On Second Thought(2)By: Kristan Higgins
So I did what I always did when I felt awkward—lifted my Nikon, which was always close at hand, and took his picture. I am a photographer, after all. Through the lens, I saw that he, too, felt a little shy, and tenderness wrapped my heart as I pressed the button.
“You’ll break that thing, Kate,” he said with a rather adorable blush.
Now, if I’d known what would happen later, I would’ve said, Are you kidding? You’re gorgeous, even though his face was kind and interesting rather than gorgeous. Or even better, I want lots of pictures of the man I love. Even if it was smarmy, it was also true. Love had surprised me at the age of thirty-nine.

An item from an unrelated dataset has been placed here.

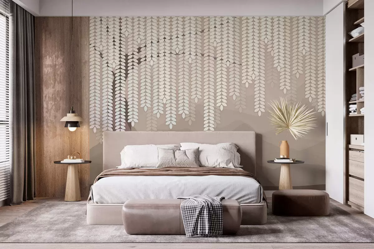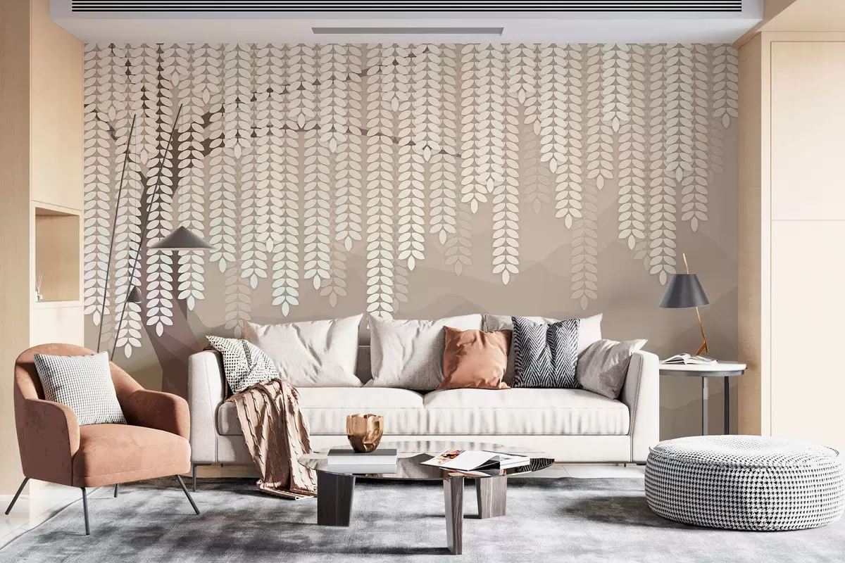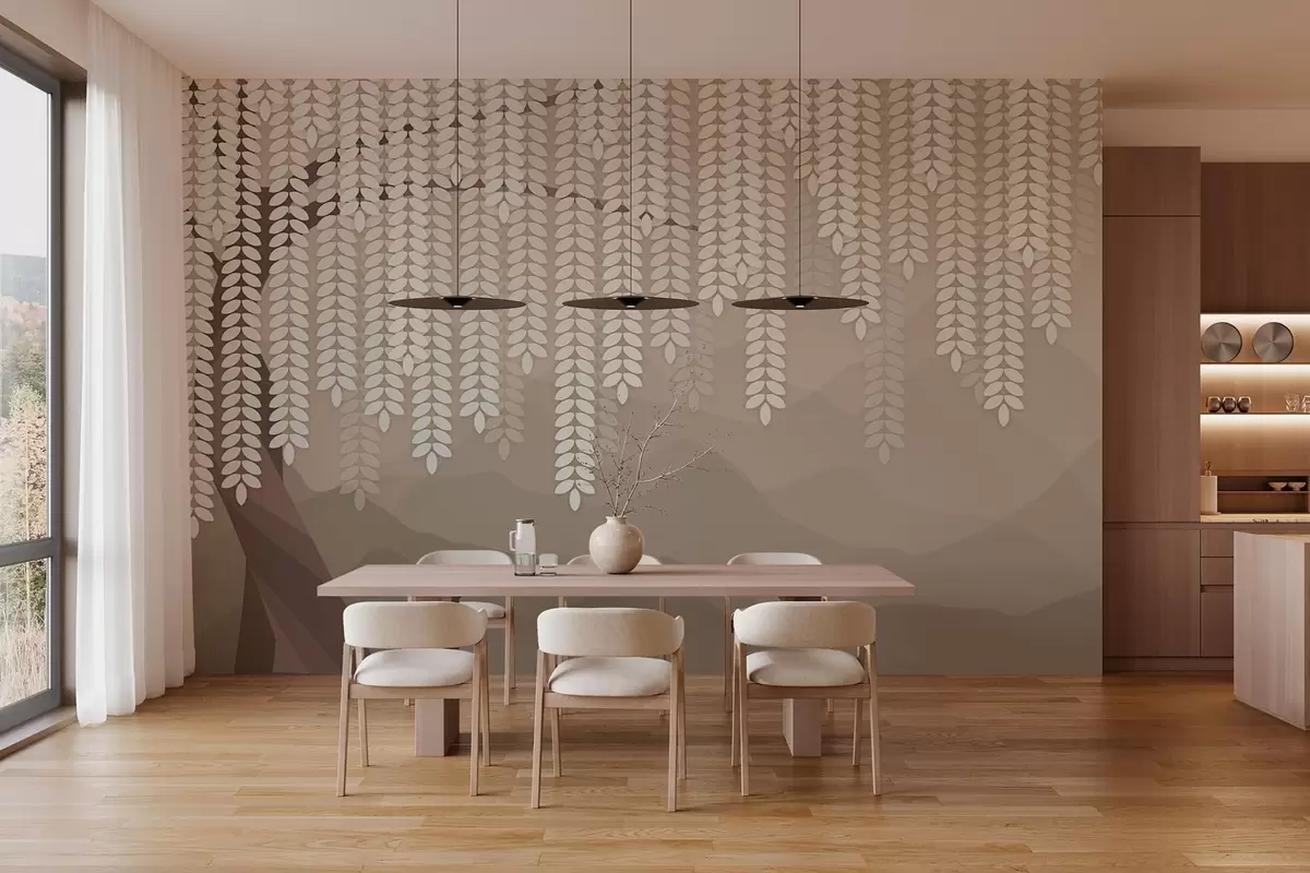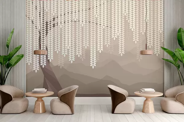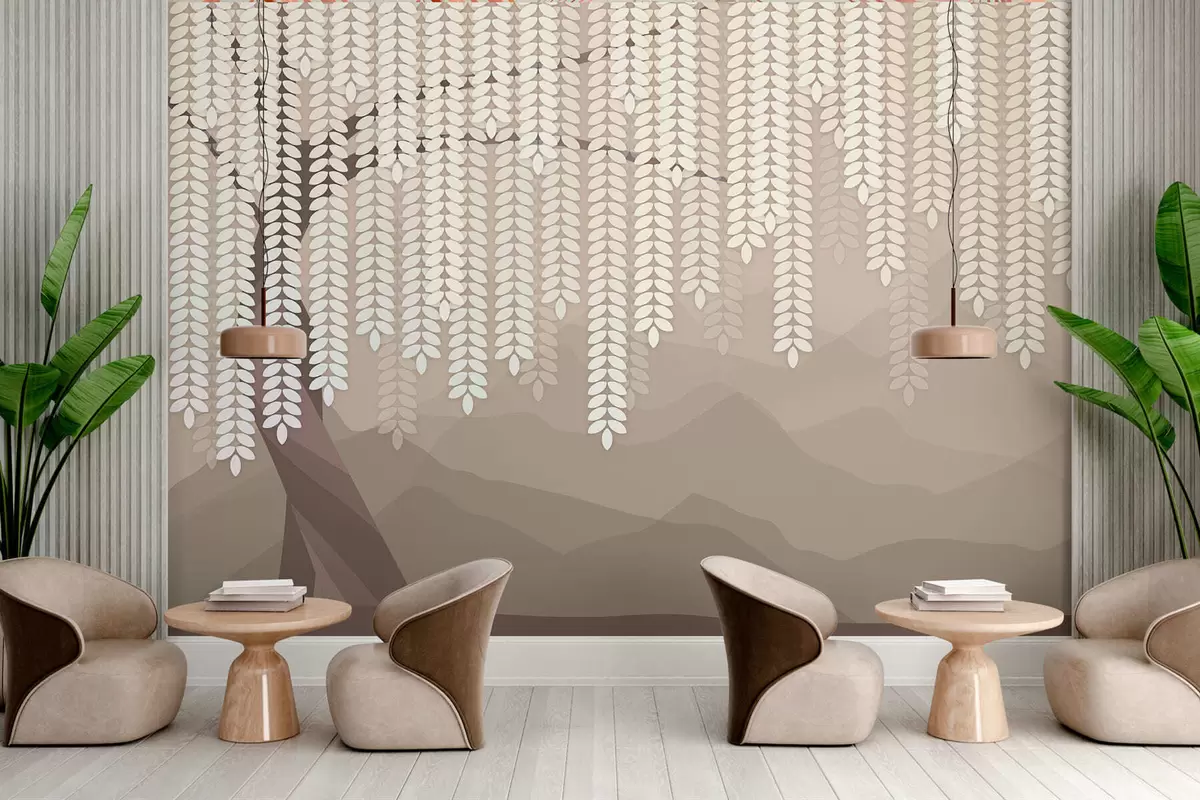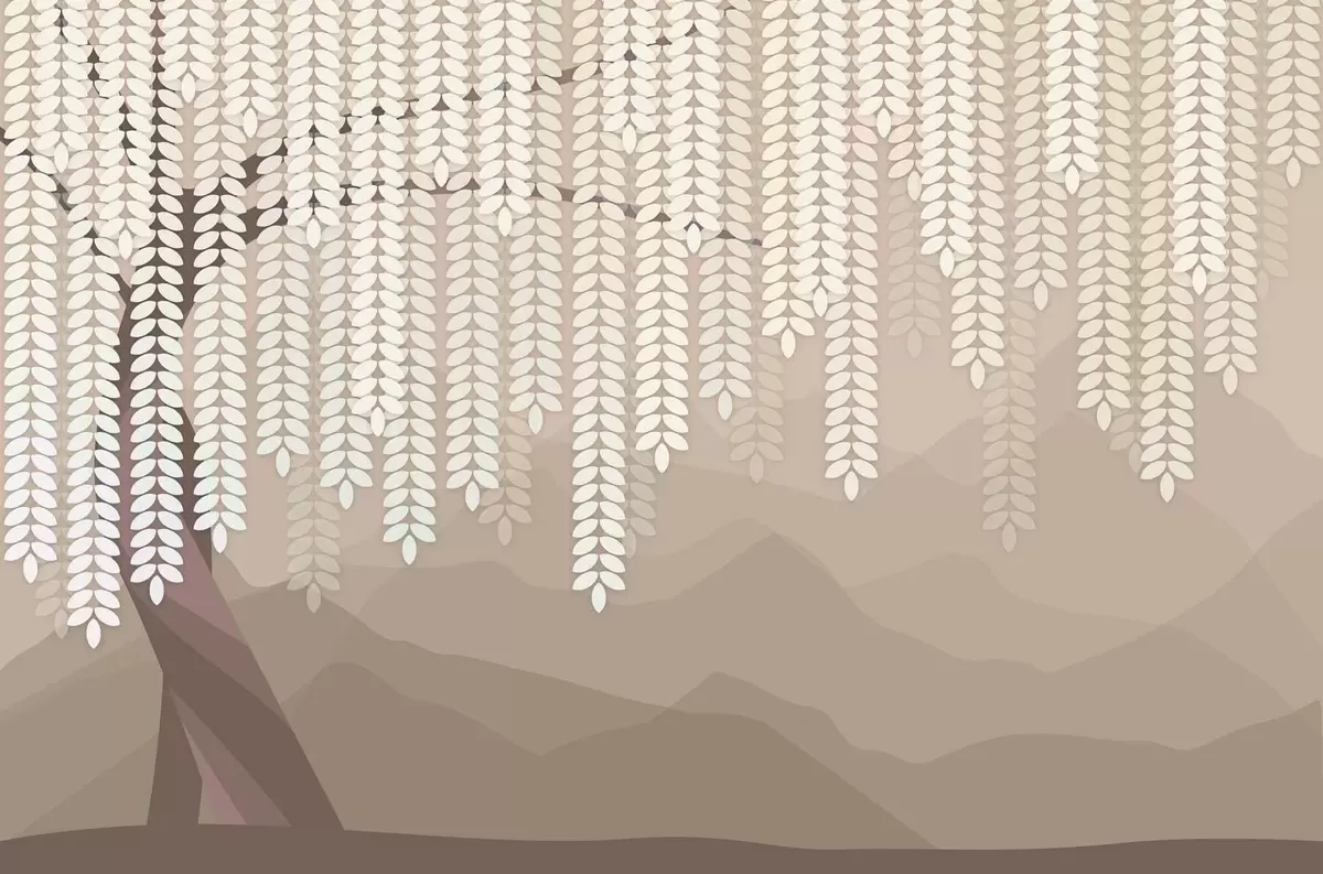 Papier peint photo Saule stylisé avec des feuilles pendantes sur fond de montagnes minimalistes dans des tons café. N° w05232v2

But in my ignorance, I said, “Nah. It’s really strong,” and smiled at him. He kissed me, twice, and I gave him a long hug, breathing in his good clean smell, then patted his ass, making him smile again as he left.
The minute he pulled his BMW out of the driveway, I bolted up the stairs and into one of the guest bathrooms, where I’d stashed the pregnancy tests. The lights there were motion sensor for some reason, and a little picky, so I jazz-handed and flapped until they went on.
Why the guest bathroom? Because Nathan was the type to sit on the edge of the tub and watch me go through the whole thing, stick in hand, trying not to pee on myself. I’d let him watch the first two times, but I really didn’t want an audience.
Because no matter what the literature said, a negative pregnancy test still felt like my fault.
“Two lines, two lines, two lines,” I chanted as I peed. After all, I’d be forty in a few months. No time to waste. We’d been trying since we got married.
I set the test on the edge of the sink, not looking at it, heart knocking. Three minutes, the instructions said. One hundred and eighty seconds. “Come on, two lines,” I said, channeling my sister’s cheerleader attitude toward life, minus the sugarcoating that she seemed to put on everything. “You can do it!”
A baby. Even now, the cells could be multiplying inside me. A mini-Nathan on the way. A boy. The image was so strong I could feel it in my heart, my rib cage already expanding with love—my son, my little guy, with blue eyes like his daddy’s and brown hair like mine. I could see his little face, the soft blue newborn cap on his perfect head, a beautiful baby, warm in my arms. Mrs. Coburn—Eloise, that was—would look at me with newfound admiration (an heir!), and Nathan Senior would cluck with pride over Nathan IV (or perhaps a different name. I was partial to David).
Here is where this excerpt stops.